Now without losing the generality, assume that we can take a derivative with respect to i and observe

\begin{eqnarray*} M_i\,:\!=\,\frac{\partial H_i(\omega)}{\partial i} = - \omega^2 \frac{\sigma_1^2\tau_1^2}{n} \frac{2 \tau_1^2 \sigma_1^2 (n-i)}{\left(i \tau_1^2 +\sigma_1^2\right)^3} + (1-\omega)^2 \frac{\sigma_2^2 \tau_2^2}{n}\frac{2 i \tau_2^2 \sigma_2^2 }{\left((n-i) \tau_2^2 + \sigma_2^2\right)^3}\end{eqnarray*}

at $i=0,$ $M_0\lt 0,$ at $i=n,$ $M_n>0,$ and $\partial^2H_i(\omega)/\partial^2 i>0.$ This means $H_i(\omega)$ is a concave function with respect to i that attains its maximum at $i=0$ and $i=n.$

Therefore,

(15)

\begin{align} L_{LRC}(\omega) -L_{RTC}(\omega) \leq \sum_{i=0}^{n} \omega^i (1-\omega)^{n-i} \binom{n}{i}H_0(\omega)=H_0(\omega)\end{align}

(16)

\begin{align} L_{LRC}(\omega) - L_{RTC}(\omega) \leq \sum_{i=0}^{n} \omega^i (1-\omega)^{n-i}\binom{n}{i}H_n(\omega)=H_n(\omega).\end{align}

Imposing negativity on Equations (15) and (16), perspectively, lead to $\omega\leq(R_1+R_2)/\left(\tau_1^2+R_2\right)$ and $1-\omega\leq(R_1+R_2)/\left(\tau_2^2+R_1\right).$ This observation completes the desired result.
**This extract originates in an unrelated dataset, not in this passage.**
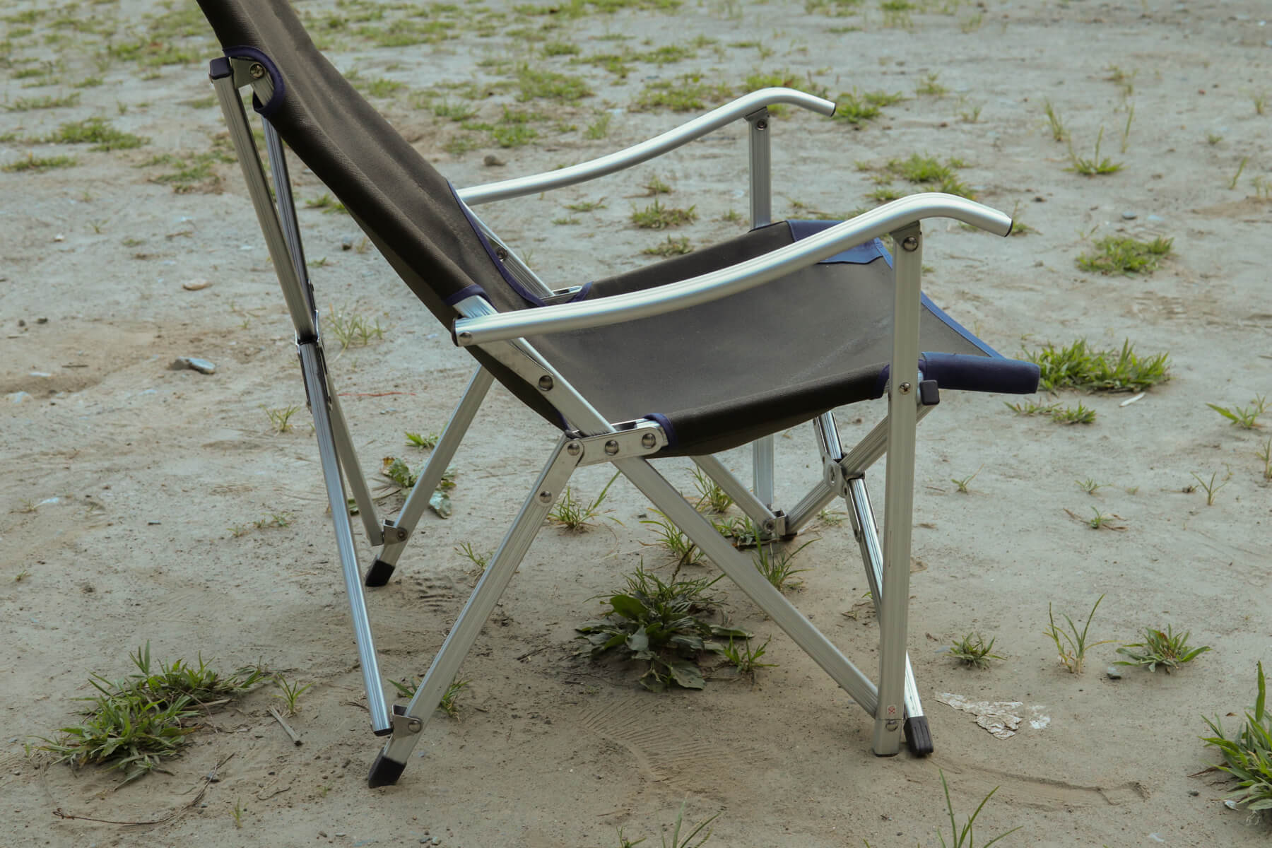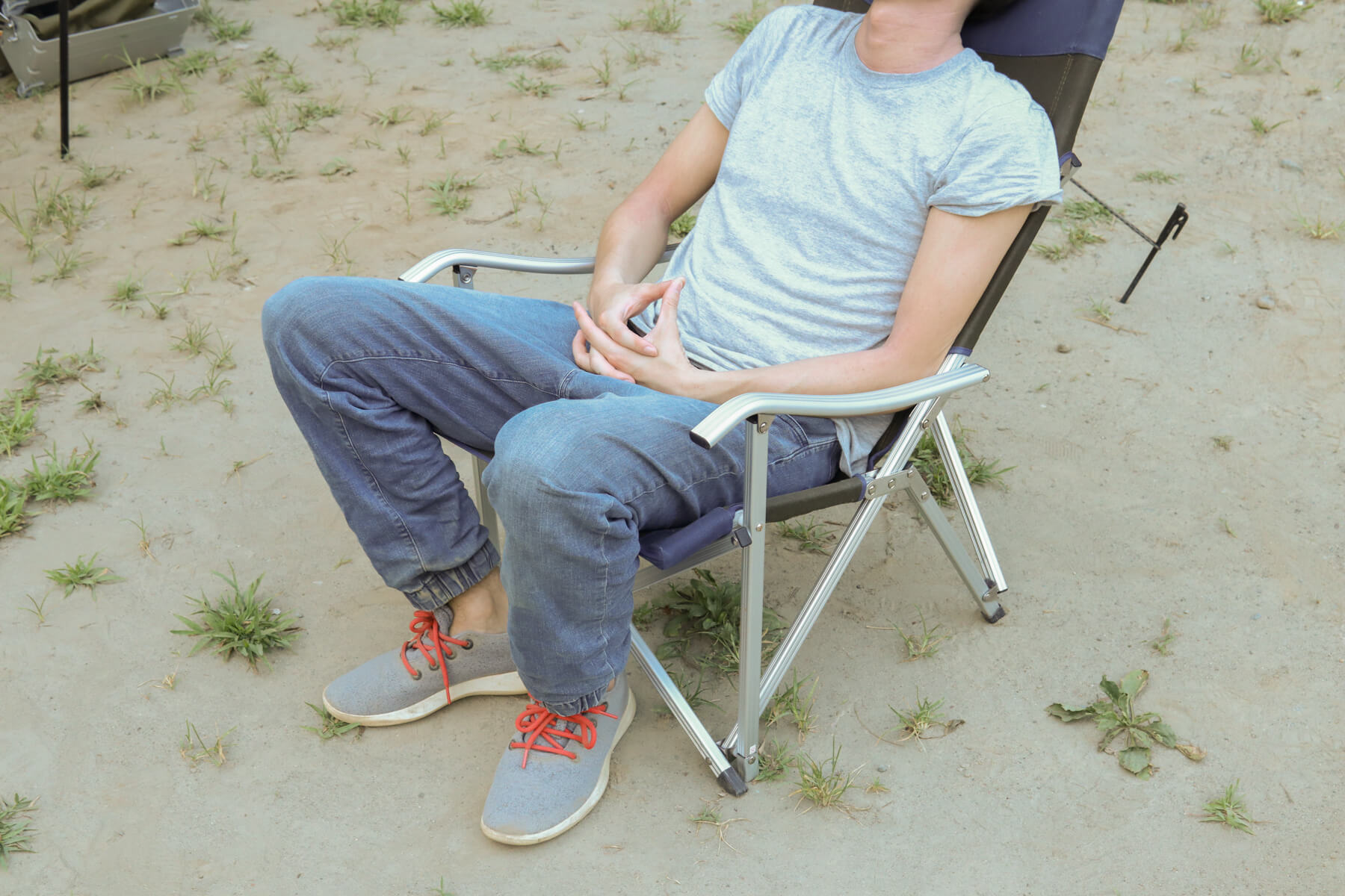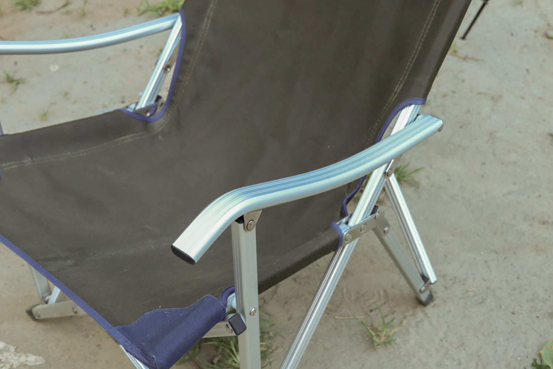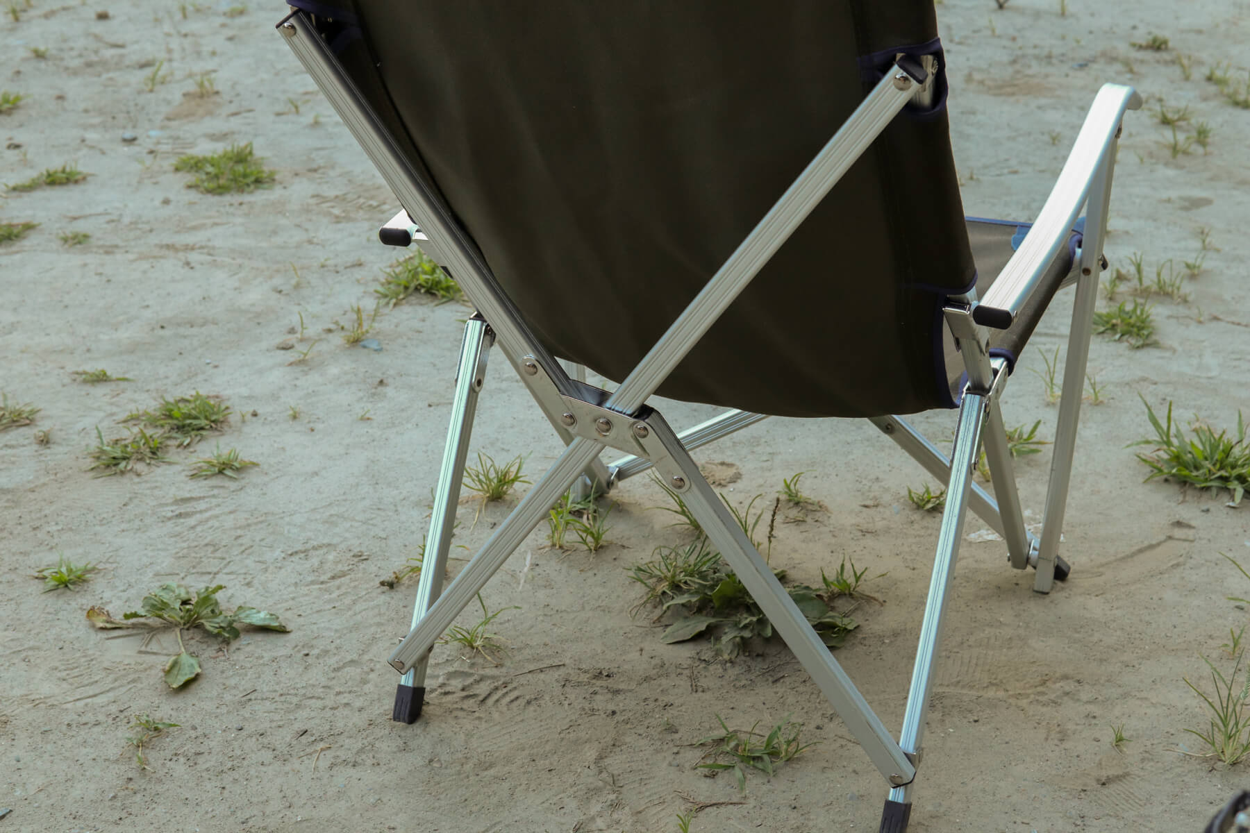 一見華奢なようにも見えるジュラルミン素材の脚がしっかりと荷重をホールド。このしっかりとした安定感は、昨今流行している軽量・コンパクト重視な折りたたみチェアにはないものです。

One should note that, the above $H_i(\omega)$ also can be stated as

\begin{align*} H_i(\omega) & = \left(A_i^{(1)}C^{(1)} + A_i^{(2)} C^{(2)}\right) \omega^2 + \left({-}B^{(1)}C^{(1)} - 2 A_i^{(2)} C*{(2)} + B^{(2)} C^{(2)}\right) \omega\\& +\left( A_i^{(2)} C^{(2)} - B^{(2)} C^{(2)} \right),\end{align*}

where $A_i^{(l)} = \frac{(n-i)^2 \tau_l^2+n\sigma_l^2}{\left((n-i)\tau_l^2+\sigma_l^2\right)^2} $ , $B^{(l)}=\frac{n^2\tau_l^2+n\sigma_l^2}{\left(n\tau_l^2+\sigma_l^2\right)^2} $ and $C^{(l)} =\frac{\sigma_l^2 \tau_l^2}{n} $ for $l=1,2.$

Since $A^{(l)}_i$ is an increasing function with respect to i, one may observe that $A^{(l)}_i\leq A^{(l)}_n$ and $A_0^{(l)} =B^{(l)}.$ This fact allows one to conclude that

\begin{align*}4H_i(\omega=0.5) & = A^{(1)}_iC^{(1)}_i-7A^{(2)}_iC^{(2)}-2B^{(1)}C^{(1)}-2B^{(2)}C^{(2)}\\& = C^{(1)}\left[A^{(1)}_i-2B^{(1)}\right]-7A^{(2)}_iC^{(2)}-2B^{(2)}C^{(2)}\\& \leq C^{(1)}\left[A^{(1)}_n-2B^{(1)}\right]-7A^{(2)}_iC^{(2)}-2B^{(2)}C^{(2)}\\& = -C^{(1)}B^{(1)}-7A^{(2)}_iC^{(2)}-2B^{(2)}C^{(2)}\\& \leq 0\end{align*}

and consequently $L_{LRC}(\omega=0.5) - L_{RTC}(\omega=0.5)\leq0.$ The continuation of $L_{LRC}(\omega) - L_{RTC}(\omega)$ in $\omega$ shows that at least in an interval about $\omega=0.5$ the LRC’s risk function dominates the RTC’s risk function. This means that at least in a situation where one with probability a bit more than 50% is going to assign the past claim experience to one of the population and using the RTC’s method derives the credibility mean for the future claim. We suggest him/her to use the LRC’s method.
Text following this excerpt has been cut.